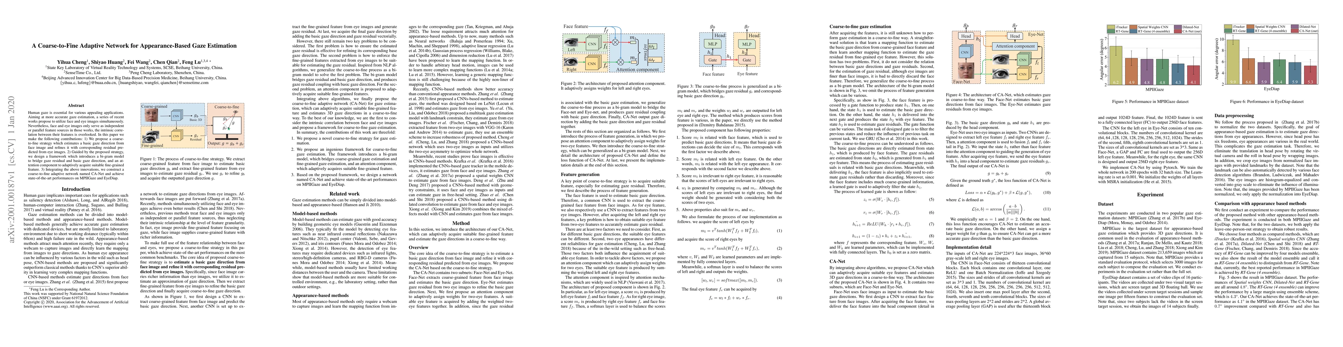 This paper introduces a coarse-to-fine adaptive network named CA-Net for appearance-based gaze estimation, leveraging both face and eye images. It refines initial gaze estimates from face images using residual predictions from eye images, achieving state-of-the-art performance.
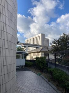 僕は服部から往復15kmを原付で通っていたけど、長女は車もバイクも乗れないので、病院の近くに住む。下宿から阪大病院が見える、孤高の殿堂。
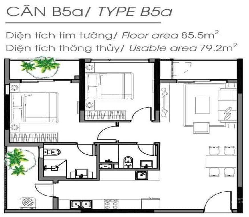 - Diện tích 85.5m2, 88.8m2 - Giá bán căn hộ: 4,3 tỷ – 4,8 tỷ
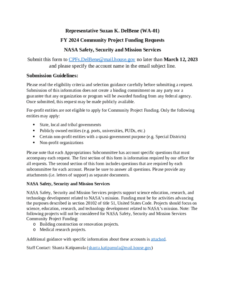 The NASA Safety, Security and Mission Services - Suzan DelBene - delbene house is a document needed to be submitted to the specific address to provide certain information. It must be filled-out and signed, which is possible in hard copy, or with the help of a certain solution such as PDFfiller. It allows to fill out any PDF or Word document right in the web, customize it depending on your requirements and put a legally-binding electronic signature. Right away after completion, the user can easily send the NASA Safety, Security and Mission Services - Suzan DelBene - delbene house to the relevant receiver, or multiple ones via email or fax. The editable template is printable too because of PDFfiller feature and options presented for printing out adjustment. In both digital and physical appearance, your form will have a clean and professional look. You may also turn it into a template for later, without creating a new file over and over. All you need to do is to amend the ready form.
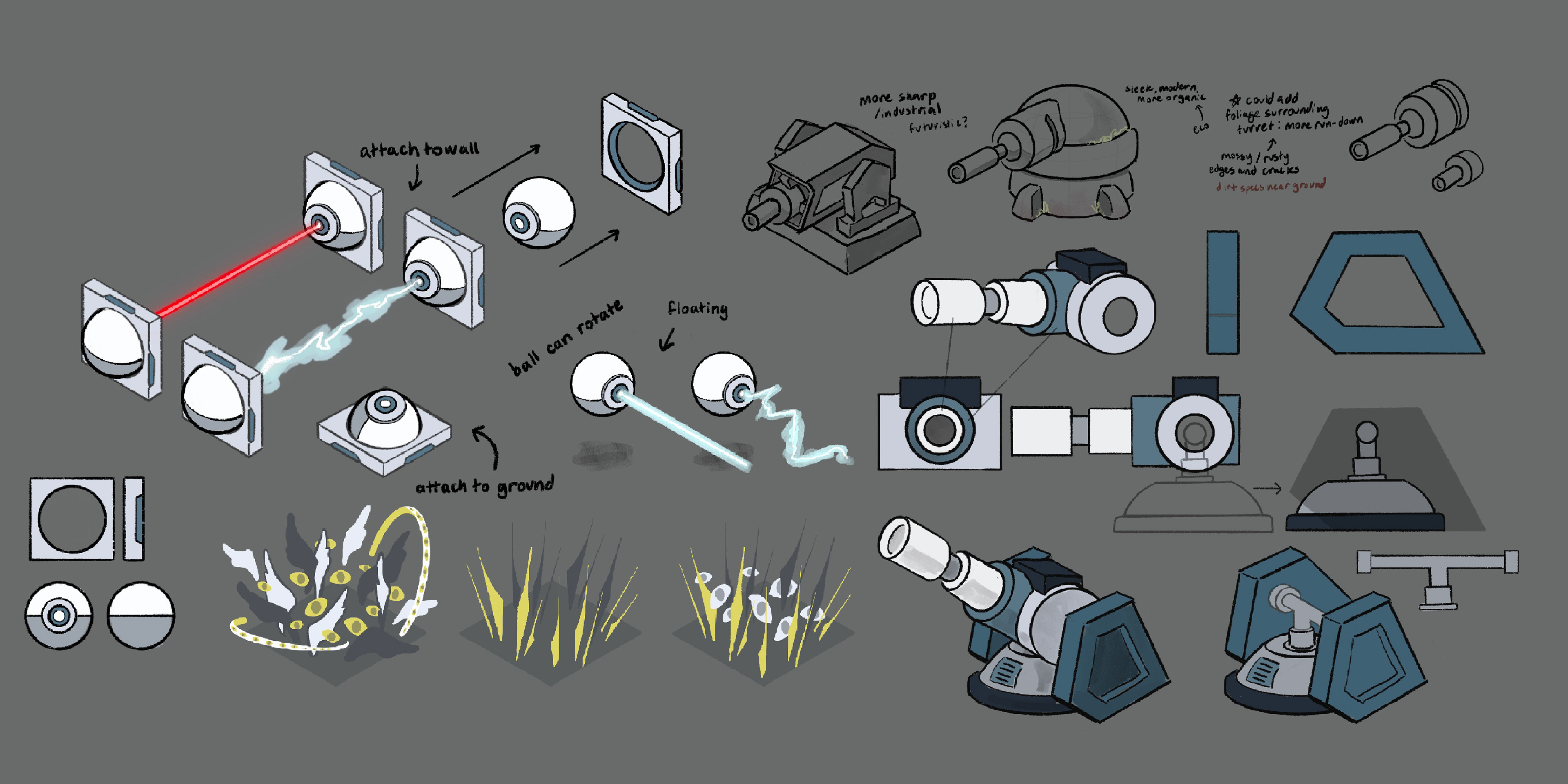 I designed many different game assets including aesthetic set pieces to differentiate the worlds, platform designs, texture materials to attach to 3D objects, and weapon obstacles for players to navigate.
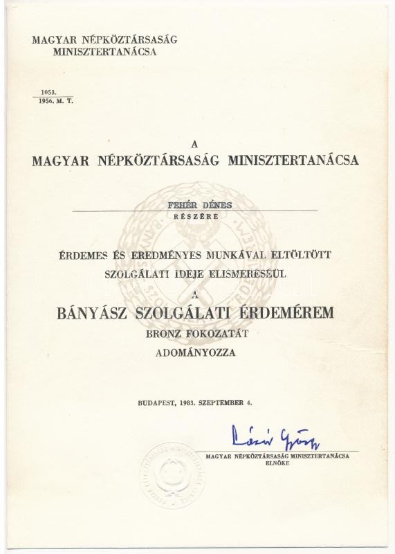 1983. "Bányász Szolgálati Érdemérem" bronz fokozata, Br kitüntetés mellszalaggal, adományozói okirattal, Lázár György miniszterelnök (1975-1987) eredeti aláírásával, eredeti tokban + DN "Törzsgárda" zománcozott kitűző (12x15mm) T:2
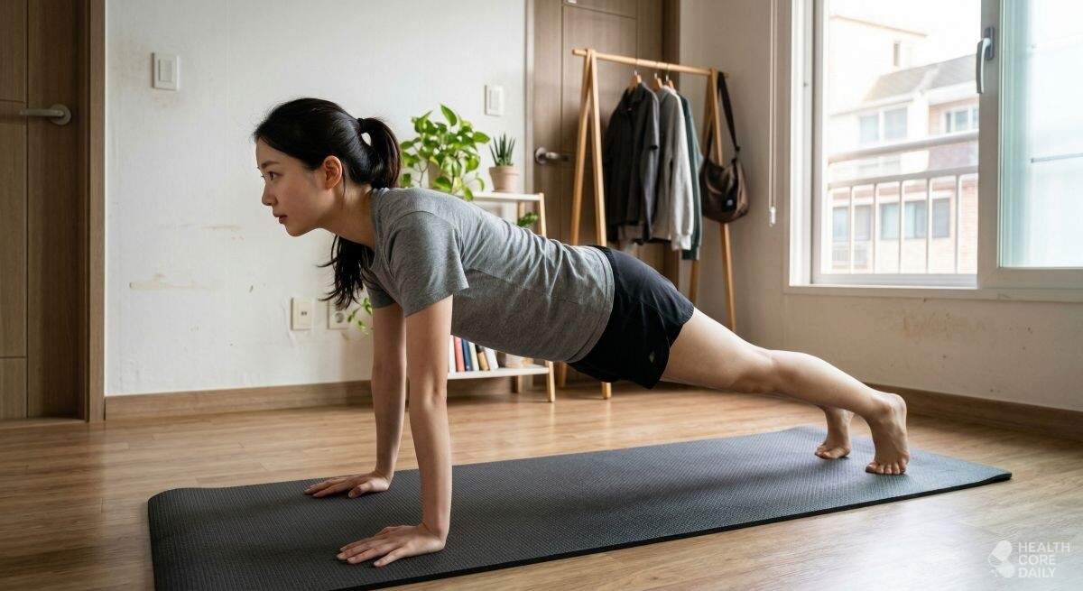 아랫배는 신체 부위 중에서도 가장 늦게 빠지는 곳 중 하나이기 때문에 체계으로 접근해야 한다. 특히 코어 근육이 약해지면 자세가 구부정해지고, 이는 배가 더 나와 보이는 원인이 된다. 따라서 전신 근육을 함께 사용하면서도 아랫배를 강하게 수축시키는 동작 위주로 운동을 구성하는 것이 좋다.
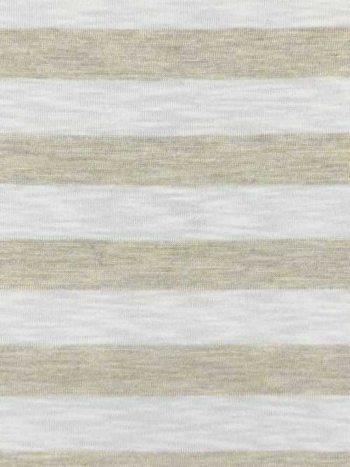 Beige/White Supima Cotton/Rayon Horizontal Stripe Slubbed Tissue Jersey Knit - Michael Stars - 56W
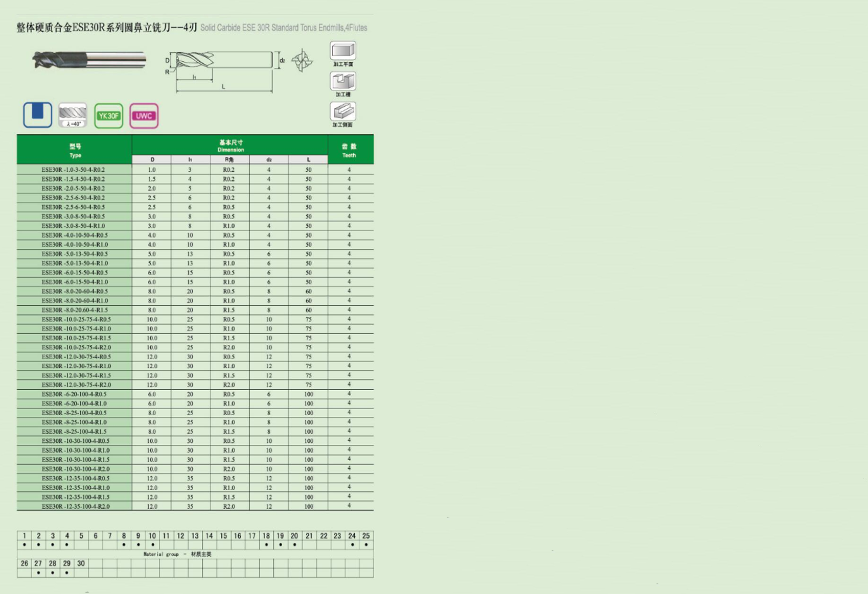 ESE 30R系列圆鼻立铣刀--4刃

Task objective — Exactly as given, set down each line of the material, but include no pictures.

Answer to this exercise —
 This paper introduces a coarse-to-fine adaptive network named CA-Net for appearance-based gaze estimation, leveraging both face and eye images. It refines initial gaze estimates from face images using residual predictions from eye images, achieving state-of-the-art performance.
 僕は服部から往復15kmを原付で通っていたけど、長女は車もバイクも乗れないので、病院の近くに住む。下宿から阪大病院が見える、孤高の殿堂。
 - Diện tích 85.5m2, 88.8m2 - Giá bán căn hộ: 4,3 tỷ – 4,8 tỷ
 The NASA Safety, Security and Mission Services - Suzan DelBene - delbene house is a document needed to be submitted to the specific address to provide certain information. It must be filled-out and signed, which is possible in hard copy, or with the help of a certain solution such as PDFfiller. It allows to fill out any PDF or Word document right in the web, customize it depending on your requirements and put a legally-binding electronic signature. Right away after completion, the user can easily send the NASA Safety, Security and Mission Services - Suzan DelBene - delbene house to the relevant receiver, or multiple ones via email or fax. The editable template is printable too because of PDFfiller feature and options presented for printing out adjustment. In both digital and physical appearance, your form will have a clean and professional look. You may also turn it into a template for later, without creating a new file over and over. All you need to do is to amend the ready form.
 I designed many different game assets including aesthetic set pieces to differentiate the worlds, platform designs, texture materials to attach to 3D objects, and weapon obstacles for players to navigate.
 1983. "Bányász Szolgálati Érdemérem" bronz fokozata, Br kitüntetés mellszalaggal, adományozói okirattal, Lázár György miniszterelnök (1975-1987) eredeti aláírásával, eredeti tokban + DN "Törzsgárda" zománcozott kitűző (12x15mm) T:2
 아랫배는 신체 부위 중에서도 가장 늦게 빠지는 곳 중 하나이기 때문에 체계으로 접근해야 한다. 특히 코어 근육이 약해지면 자세가 구부정해지고, 이는 배가 더 나와 보이는 원인이 된다. 따라서 전신 근육을 함께 사용하면서도 아랫배를 강하게 수축시키는 동작 위주로 운동을 구성하는 것이 좋다.
 Beige/White Supima Cotton/Rayon Horizontal Stripe Slubbed Tissue Jersey Knit - Michael Stars - 56W
 ESE 30R系列圆鼻立铣刀--4刃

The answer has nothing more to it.